Bokhara Plains Soil Carbon Project
ERF196395
Project Information:
Bokhara Plains Soil Carbon Project is a soil carbon sequestration project located at the Bokhara Plains property, approximately 35km north of Brewarrina in Western New South Wales. It was registered in October 2024 and covers an active project area of 4,123.23 hectares. A variation was made to the project in September 2025, which removed certain listed areas from the original project boundary.

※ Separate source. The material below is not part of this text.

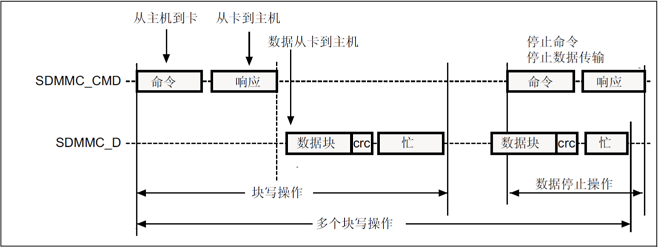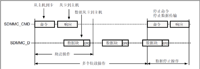下图是读的过程,从机在收到主机相关命令后,开始发送数据块给主机,所有数据块都带有CRC校验值(CRC由SDMMC硬件自动处理),单个数据块读的时候,在收到1个数据块以后即可以停止了,不需要发送停止命令(CMD12)。但是多块数据读的时候,SD卡将一直发送数据给主机,直到接到主机发送的STOP命令(CMD12)。

Soil carbon projects utilizing the Measurement and Models methodology involve undertaking new or materially different eligible management activities to increase the amount of carbon stored in the soil. For this project, standard requirements involve altering the stocking rate, duration, or intensity of grazing to promote vegetation cover and improve overall soil health. Increases in soil organic carbon are subsequently estimated using a combination of baseline direct soil sampling and ongoing modelling to generate Australian Carbon Credit Units (ACCUs).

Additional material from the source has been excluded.